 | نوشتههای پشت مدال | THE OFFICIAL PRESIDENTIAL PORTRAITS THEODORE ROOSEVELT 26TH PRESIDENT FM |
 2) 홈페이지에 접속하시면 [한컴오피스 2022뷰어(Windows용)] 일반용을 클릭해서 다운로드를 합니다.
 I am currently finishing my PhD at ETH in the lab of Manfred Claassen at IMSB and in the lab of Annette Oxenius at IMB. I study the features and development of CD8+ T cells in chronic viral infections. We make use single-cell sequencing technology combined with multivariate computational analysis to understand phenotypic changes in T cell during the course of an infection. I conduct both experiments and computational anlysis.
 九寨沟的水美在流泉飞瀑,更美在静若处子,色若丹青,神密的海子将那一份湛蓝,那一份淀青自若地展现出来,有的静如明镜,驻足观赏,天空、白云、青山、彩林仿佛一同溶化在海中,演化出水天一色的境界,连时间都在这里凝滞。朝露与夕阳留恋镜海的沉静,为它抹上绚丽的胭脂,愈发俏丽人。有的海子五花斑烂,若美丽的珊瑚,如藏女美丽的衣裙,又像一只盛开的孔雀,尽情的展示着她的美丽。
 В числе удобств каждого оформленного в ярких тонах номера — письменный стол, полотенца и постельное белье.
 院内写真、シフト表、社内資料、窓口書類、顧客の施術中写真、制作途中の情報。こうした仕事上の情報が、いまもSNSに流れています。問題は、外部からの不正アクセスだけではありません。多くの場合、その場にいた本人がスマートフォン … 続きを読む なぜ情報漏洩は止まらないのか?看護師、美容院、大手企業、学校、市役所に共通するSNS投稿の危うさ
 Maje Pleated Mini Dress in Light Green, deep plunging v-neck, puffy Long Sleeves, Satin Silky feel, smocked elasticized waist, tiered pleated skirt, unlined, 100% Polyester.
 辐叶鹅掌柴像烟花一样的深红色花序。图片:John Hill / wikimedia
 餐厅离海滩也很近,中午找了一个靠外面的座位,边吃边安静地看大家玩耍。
--
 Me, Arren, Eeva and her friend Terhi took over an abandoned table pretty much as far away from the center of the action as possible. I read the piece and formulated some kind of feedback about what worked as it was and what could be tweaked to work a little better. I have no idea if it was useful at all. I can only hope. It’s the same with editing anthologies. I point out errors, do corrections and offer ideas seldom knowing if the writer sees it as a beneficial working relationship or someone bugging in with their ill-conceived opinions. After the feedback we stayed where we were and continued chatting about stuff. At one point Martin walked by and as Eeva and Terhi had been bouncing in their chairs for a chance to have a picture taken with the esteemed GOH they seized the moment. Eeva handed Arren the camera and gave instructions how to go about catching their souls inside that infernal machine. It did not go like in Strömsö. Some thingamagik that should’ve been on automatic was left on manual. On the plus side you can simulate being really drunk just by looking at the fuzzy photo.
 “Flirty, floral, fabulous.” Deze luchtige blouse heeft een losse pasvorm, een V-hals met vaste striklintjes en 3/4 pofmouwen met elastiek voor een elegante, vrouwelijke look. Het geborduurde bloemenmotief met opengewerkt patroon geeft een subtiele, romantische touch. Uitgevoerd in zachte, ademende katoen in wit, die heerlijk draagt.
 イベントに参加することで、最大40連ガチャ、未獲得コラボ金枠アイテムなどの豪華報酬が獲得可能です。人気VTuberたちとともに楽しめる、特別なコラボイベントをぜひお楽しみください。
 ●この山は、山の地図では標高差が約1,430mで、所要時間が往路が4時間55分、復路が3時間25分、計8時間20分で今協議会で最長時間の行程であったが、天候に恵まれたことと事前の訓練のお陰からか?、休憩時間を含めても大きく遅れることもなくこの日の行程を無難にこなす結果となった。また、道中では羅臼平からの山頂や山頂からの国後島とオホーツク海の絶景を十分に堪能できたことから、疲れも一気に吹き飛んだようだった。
--
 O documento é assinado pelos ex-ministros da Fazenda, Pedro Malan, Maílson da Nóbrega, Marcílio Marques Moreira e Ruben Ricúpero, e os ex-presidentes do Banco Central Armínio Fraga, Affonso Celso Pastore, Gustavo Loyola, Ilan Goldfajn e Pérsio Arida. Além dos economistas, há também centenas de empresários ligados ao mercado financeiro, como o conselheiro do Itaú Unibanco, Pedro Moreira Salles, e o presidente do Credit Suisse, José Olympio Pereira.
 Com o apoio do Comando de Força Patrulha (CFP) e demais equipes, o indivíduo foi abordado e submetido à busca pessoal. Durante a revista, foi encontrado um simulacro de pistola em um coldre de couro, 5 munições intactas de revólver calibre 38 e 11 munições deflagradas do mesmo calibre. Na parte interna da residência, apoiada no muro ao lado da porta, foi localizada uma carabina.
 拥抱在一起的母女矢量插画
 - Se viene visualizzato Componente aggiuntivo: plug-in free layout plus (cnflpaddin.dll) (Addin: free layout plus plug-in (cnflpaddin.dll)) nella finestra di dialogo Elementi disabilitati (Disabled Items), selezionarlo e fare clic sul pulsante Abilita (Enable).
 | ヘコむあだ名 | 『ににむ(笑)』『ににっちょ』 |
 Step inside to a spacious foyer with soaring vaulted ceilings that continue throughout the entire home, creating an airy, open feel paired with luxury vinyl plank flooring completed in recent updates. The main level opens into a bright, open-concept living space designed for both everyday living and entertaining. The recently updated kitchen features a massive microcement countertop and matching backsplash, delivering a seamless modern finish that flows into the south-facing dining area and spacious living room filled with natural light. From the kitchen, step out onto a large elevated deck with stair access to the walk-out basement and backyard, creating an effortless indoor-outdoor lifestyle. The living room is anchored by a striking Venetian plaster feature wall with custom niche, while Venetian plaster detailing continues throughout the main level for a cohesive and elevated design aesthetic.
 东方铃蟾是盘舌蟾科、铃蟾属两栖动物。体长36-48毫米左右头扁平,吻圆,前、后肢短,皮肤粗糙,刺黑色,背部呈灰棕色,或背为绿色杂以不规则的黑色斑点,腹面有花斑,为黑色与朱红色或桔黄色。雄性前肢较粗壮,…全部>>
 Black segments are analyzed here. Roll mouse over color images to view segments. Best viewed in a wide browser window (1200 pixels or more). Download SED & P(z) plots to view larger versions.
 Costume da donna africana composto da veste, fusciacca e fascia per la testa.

> PROBLEM TO WORK ON:
Write out exactly the lines that fall from the line with "拥抱在一起的母女矢量插画" to the line with "ヘコむあだ名 | 『ににむ(笑)』『ににっちょ』 |" in the records above, keeping both ends.

> RESULT:
 拥抱在一起的母女矢量插画
 - Se viene visualizzato Componente aggiuntivo: plug-in free layout plus (cnflpaddin.dll) (Addin: free layout plus plug-in (cnflpaddin.dll)) nella finestra di dialogo Elementi disabilitati (Disabled Items), selezionarlo e fare clic sul pulsante Abilita (Enable).
 | ヘコむあだ名 | 『ににむ(笑)』『ににっちょ』 |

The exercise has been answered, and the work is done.